The Apache Software Foundation has announced Apache Parquet as a Top-Level Project.

Apache Parquet, a columnar Hadoop storage format, is used across Big Data processing frameworks, data models and query engines from MapReduce and Apache Spark to Apache Hive, Impala and others. Parquet’s ascension to a Top-Level Project signifies the health and maturity of the open-source community around it, according to Apache Parquet Project Management Committee member and Cloudera software engineer Ryan Blue, who also sees the move as a vote of confident in the project.

Blue said what makes Parquet unique in the Hadoop ecosystem is its bring-your-own-object model.

“Lots of applications are based on existing row-oriented formats, like Avro and Thrift, that come with objects to represent the data,” said Blue. “A great feature of Parquet is that it is built to work natively with those existing classes, so you don’t have to change the application to go from a row-oriented to a column-oriented format. Parquet can read directly to Avro records, Spark data frames, Hive’s
internal writeables, and others.”

Parquet’s open object model and language-agnostic format definition have influenced its integration throughout most of the Hadoop ecosystem, added Julien Le Dem, vice president of the Apache Parquet project. The format is currently used in production at companies and organizations including Cloudera, Netflix, Twitter, Stripe and NASA’s Jet Propulsion Laboratory.

“[The open object model and language-agnostic format] make it easy to experiment with the many query engines and frameworks that exist today,” Le Dem said. “You don’t need to import data into a proprietary storage to analyze when there’s a lot of data that’s really important.”

Going forward, Blue said members of other Apache projects such as Drill, Presto and Hive are collaborating on a vectorized API for accessing Parquet data. Le Dem said Parquet’s graduation to TLP represents the last step in making Parquet a community-driven standard.

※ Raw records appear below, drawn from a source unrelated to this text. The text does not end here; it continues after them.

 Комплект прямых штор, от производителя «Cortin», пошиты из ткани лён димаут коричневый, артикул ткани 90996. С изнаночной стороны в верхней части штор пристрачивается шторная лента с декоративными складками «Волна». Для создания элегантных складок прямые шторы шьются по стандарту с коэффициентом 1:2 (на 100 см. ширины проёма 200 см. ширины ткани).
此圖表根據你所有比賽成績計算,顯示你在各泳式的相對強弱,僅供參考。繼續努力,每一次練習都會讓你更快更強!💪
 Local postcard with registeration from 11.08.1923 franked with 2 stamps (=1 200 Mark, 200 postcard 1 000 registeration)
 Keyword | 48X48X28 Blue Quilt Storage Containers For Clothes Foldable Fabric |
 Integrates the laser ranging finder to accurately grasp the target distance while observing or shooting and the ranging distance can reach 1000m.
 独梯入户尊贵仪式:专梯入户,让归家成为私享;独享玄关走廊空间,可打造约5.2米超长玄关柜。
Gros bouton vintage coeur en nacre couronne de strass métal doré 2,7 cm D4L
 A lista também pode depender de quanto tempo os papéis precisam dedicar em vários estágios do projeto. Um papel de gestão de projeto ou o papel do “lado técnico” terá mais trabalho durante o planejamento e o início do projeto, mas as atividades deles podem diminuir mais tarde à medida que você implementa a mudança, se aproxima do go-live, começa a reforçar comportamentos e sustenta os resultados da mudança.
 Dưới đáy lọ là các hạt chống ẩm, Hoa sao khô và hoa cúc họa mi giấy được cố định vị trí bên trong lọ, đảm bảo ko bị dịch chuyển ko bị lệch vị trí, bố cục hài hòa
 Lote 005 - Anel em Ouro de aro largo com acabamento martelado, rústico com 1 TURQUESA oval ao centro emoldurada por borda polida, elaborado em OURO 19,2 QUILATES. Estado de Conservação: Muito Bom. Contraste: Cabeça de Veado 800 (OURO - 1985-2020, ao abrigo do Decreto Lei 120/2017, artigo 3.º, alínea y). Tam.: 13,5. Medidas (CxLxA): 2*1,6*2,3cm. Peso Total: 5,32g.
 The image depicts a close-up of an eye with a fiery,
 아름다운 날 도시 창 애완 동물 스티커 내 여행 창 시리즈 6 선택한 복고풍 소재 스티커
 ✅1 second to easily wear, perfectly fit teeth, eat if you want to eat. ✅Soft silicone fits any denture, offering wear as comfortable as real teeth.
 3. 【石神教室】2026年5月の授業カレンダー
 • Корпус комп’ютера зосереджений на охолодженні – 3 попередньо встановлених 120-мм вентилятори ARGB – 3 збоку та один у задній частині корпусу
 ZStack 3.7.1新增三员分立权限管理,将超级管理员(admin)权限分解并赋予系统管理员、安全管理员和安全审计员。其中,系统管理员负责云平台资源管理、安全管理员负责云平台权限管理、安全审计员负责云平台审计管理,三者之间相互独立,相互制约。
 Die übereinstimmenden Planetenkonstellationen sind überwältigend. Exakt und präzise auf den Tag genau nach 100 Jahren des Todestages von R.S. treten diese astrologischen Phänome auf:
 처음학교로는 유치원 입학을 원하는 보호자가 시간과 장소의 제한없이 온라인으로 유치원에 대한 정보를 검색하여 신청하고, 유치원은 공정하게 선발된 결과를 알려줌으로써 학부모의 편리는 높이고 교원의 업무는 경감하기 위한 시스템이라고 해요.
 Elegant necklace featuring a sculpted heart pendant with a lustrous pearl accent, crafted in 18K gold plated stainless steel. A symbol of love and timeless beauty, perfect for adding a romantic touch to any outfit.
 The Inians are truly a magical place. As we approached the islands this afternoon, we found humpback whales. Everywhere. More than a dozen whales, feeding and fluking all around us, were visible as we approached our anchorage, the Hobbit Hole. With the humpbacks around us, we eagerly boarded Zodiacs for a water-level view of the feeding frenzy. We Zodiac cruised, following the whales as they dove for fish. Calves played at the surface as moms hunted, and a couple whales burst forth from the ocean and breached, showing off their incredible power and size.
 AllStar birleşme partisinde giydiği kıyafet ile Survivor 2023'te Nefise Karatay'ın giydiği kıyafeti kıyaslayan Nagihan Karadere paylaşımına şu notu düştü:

“Parquet is not controlled by a single company but is the result of the collaboration of many contributors including teams developing query engines, as well as companies that have adopted it,” said Le Dem. “We’re looking towards those query engines to continue to deeply integrate with the columnar format to reap all the benefits. We’re also improving the APIs so that the benefits of Parquet apply as well to custom applications developed in Hadoop, for example using [the] optimized filter in MapReduce.”